Question

$\sf\large\underbrace{Question:-}$
A sum of money is invested at half yearly compound interest rate 5% If the difference of principals at the end of 6 and 12 months is Rs126.
Find (i) the sum of money invested
(ii)Amount at end of 1(1/2)years(one whole one by two years)​

Answer 1

i) Let

the principal be P. Rate of interest per half year = 5% Amount at the end of 6 months = P(1 + 5/100)

Amount at the end of 1 year = P(1 + 5/100)2

Difference between the amounts = Formula = P(1+R) power time

Rs 126 P(1 + 5/100)2 - P(1 + 5/100)

= 126 P(21/20)2 - P(21/20)

= 126 P(441/400) - P(21/20) = 126 (441P - 420P) / 400 = 126 21P/400 = 126 P = 2400

So, the sum of money invested is Rs 2400 .

ii) Amount at the end of 1 and half year =

2400(1 + 5/100)3

= 2400 (21/20)3

= 2400 (9261/8000)

= Rs 2778.30

Hope my answer help you

Answer 2

Let the amount invested be P.

The rate is given 5% healf yearly, that means the amount invested gets added up by its 5% after 6 months or 1/2 years. It is equivalent to the amount getting invested at 10% rate per annum.

• $r=10\%$

• $R=\dfrac{r}{2}=5\%$

Let P₁ be the amount after 6 months or 1/2 years. Here,

• $t_1=\dfrac{1}{2}$

• $T_1=2t_1=1$

Then,

$\longrightarrow P_1=P\left[1+\dfrac{R}{100}\right]^{T_1}$

$\longrightarrow P_1=P\left[1+\dfrac{5}{100}\right]^1$

$\longrightarrow P_1=\dfrac{21P}{20}$

Let P₂ be the amount after 12 months or 1 year. Here,

• $t_2=1$

• $T_2=2t_2=2$

Then,

$\longrightarrow P_2=P\left[1+\dfrac{R}{100}\right]^{T_2}$

$\longrightarrow P_2=P\left[1+\dfrac{5}{100}\right]^2$

$\longrightarrow P_2=\dfrac{441P}{400}$

Given that,

$\longrightarrow P_2-P_1=Rs.\,126.00$

$\longrightarrow\dfrac{441P}{400}-\dfrac{21P}{20}=Rs.\,126.00$

$\longrightarrow\dfrac{21P}{400}=Rs.\,126.00$

$\longrightarrow P=Rs.\,126.00\times\dfrac{400}{21}$

$\longrightarrow\underline{\underline{P=Rs.\,2400.00}}$

Hence the sum of money invested is Rs. 2400.00.

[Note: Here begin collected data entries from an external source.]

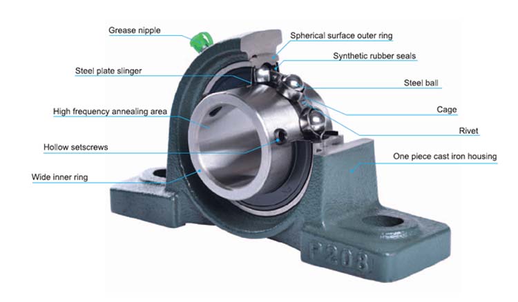 หน่วยเหล่านี้เป็นการผสมผสานระหว่างตลับลูกปืนเม็ดกลม ซีล และตัวเรือนที่ทำจากเหล็กหล่อคุณภาพสูงหรือเหล็กอัดขึ้นรูปซึ่งมีรูปทรงต่างๆ พื้นผิวด้านนอกของตลับลูกปืนที่ตรงกันและพื้นผิวด้านในของตัวเรือนนั้นเป็นทรงกลมเพื่อให้ตัวเครื่องอยู่ในแนวเดียวกัน
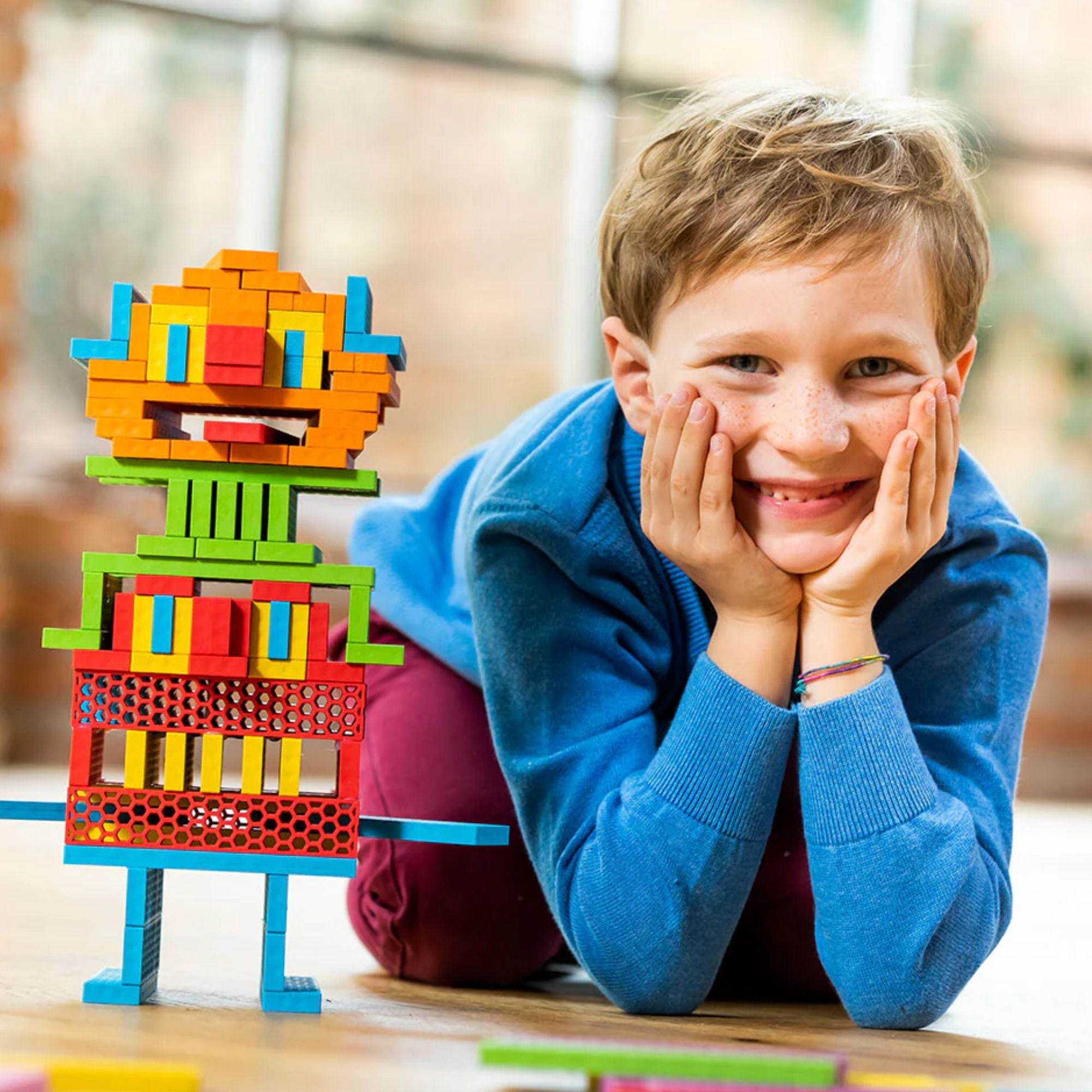 Bioblos werden auf-, neben-, hinter- oder übereinander gestellt. Hingelegt. Angelehnt. Aufgetürmt. Ausbalanciert. Ganz ohne Kleber, ganz ohne Verbindungsstücke. Und obwohl das manchmal recht wackelig aussieht, sind selbst die höchsten Türme und Brücken erstaunlich stabil. Alles, was es dazu braucht, ist ein wenig Geduld und Geschicklichkeit!
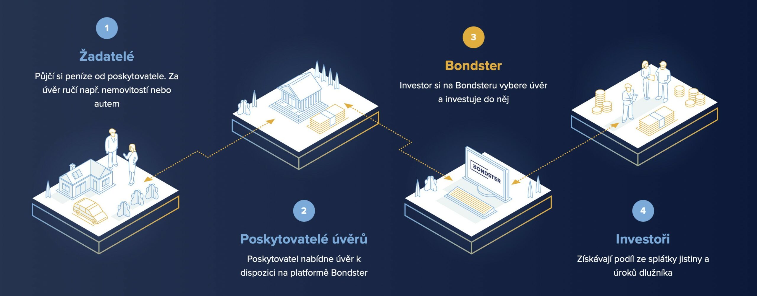 Bondster není klasická banka ani burza. Je to investiční tržiště (marketplace), které propojuje investory s prověřenými poskytovateli úvěrů (např. Acema, Ibancar, Lime). Místo abyste půjčovali peníze přímo Pepovi z Horní Dolní, půjčujete prostředky nebankovním společnostem, které je dále poskytují koncovým dlužníkům.

Let P₃ be the amount after 3/2 years. Here,

• $t_3=\dfrac{3}{2}$

• $T_3=2t_3=3$

Then,

$\longrightarrow P_3=P\left[1+\dfrac{R}{100}\right]^{T_3}$

$\longrightarrow P_3=2400\left[1+\dfrac{5}{100}\right]^3$

$\longrightarrow P_3=Rs.\,2400.00\times\dfrac{9261}{8000}$

$\longrightarrow\underline{\underline{P_3=Rs.\,2778.30}}$

Hence the amound at the end of 3/2 years is Rs. 2778.30.